A freezer that is half full will hold food safely for up to 24 hours. A full freezer will hold food safely for 48 hours. Do not open the freezer door if you can avoid it.
Pack milk, other dairy products, meat, fish, eggs, gravy, and spoilable leftovers into a cooler surrounded by ice. Inexpensive Styrofoam coolers are fine for this purpose.
Use a food thermometer to check the temperature of your food right before you cook or eat it. Throw away any food that has a temperature of more than 40 degrees Fahrenheit.
If you come across a downed power line, leave the area and report it immediately by calling 800-895-1999. Never approach a downed power line. Always assume that they are energized and extremely dangerous. Touching a live line or anything near it, such as a fence, puddle, car, etc., can cause electrocution. This could result in serious injury and even death.

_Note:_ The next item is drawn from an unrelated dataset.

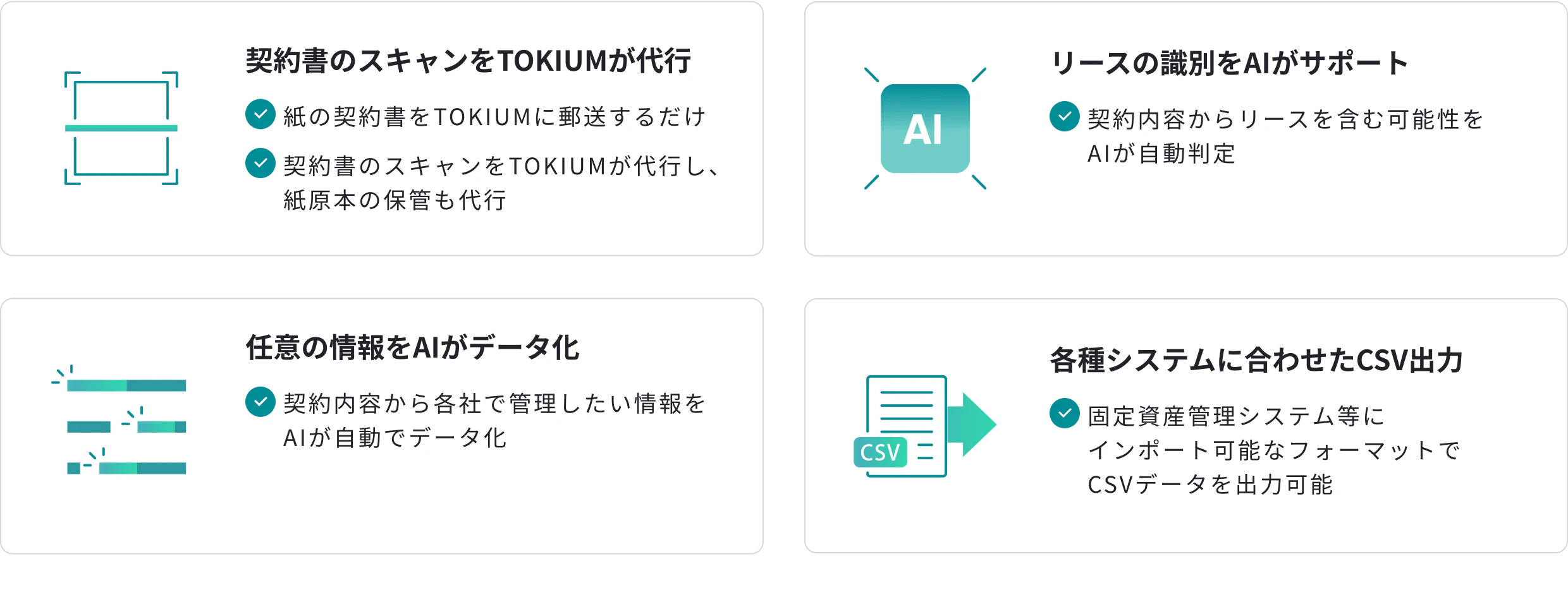 「TOKIUM契約管理」は、締結済みの契約書を一元管理するクラウド契約管理システムです。すべての契約書を電子化してAI-OCRによる全文文字起こしのほか、2027年4月以後に開始する会計年度より強制適用となる「新リース会計基準」においてリースに該当するかどうかをAIが自動判定する機能を有しています。

If a power line has fallen onto a vehicle, stay away and seek help right away by calling 911. If you are in the vehicle, wait inside the vehicle until help arrives. You are safe from electrical shock as long as you stay inside the vehicle. If you must leave the vehicle due to fire or other life-threatening reasons, leap clear of the vehicle, landing with both feet together. Don't hold the door while leaping and once on the ground, hop or shuffle away. Do not run.
Turn off appliances and other electrical equipment, including air conditioning, to avoid a high load on the system once electricity is restored. Leave one light switch turned, on so you’ll know when power has been restored.
If you need to cook during an outage, use a properly vented fireplace, a camp stove, or a can of Sterno. Be sure that there is adequate ventilation and never use charcoal indoors. If you have a natural gas stove or oven without an electric ignition, you can use that as well.
If using a space heater, take care to ensure safety, as thousands of home fires are attributed to heating equipment each year. When using a space heater, make sure the heater has the label showing it is listed by a recognized testing laboratory and read the manufacturer’s instructions and warning labels. You should also inspect heaters for cracked or broken plugs and connections. Don’t use it if they are frayed, worn, or damaged. Never leave a space heater unattended. Turn it off when leaving a room and don’t go to sleep with a space heater on.
Improper installation and use of standby generators may violate state or local electrical codes and can severely endanger those working to restore your power. During power outages, our crews work from maps to locate disconnects. Improperly connected generators may re-energize lines that otherwise would be off, creating "back feed." Back feed occurs when electric power is introduced to the utility's power lines from generators with faulty connections. In the case of back feed, lines expected to be de-energized are in fact live, and it could potentially electrocute crew members attempting to make repairs.
Rather than crank up your heat in the winter, keep your thermostat at a moderate level and bundle up. (Who doesn't love fuzzy slippers?)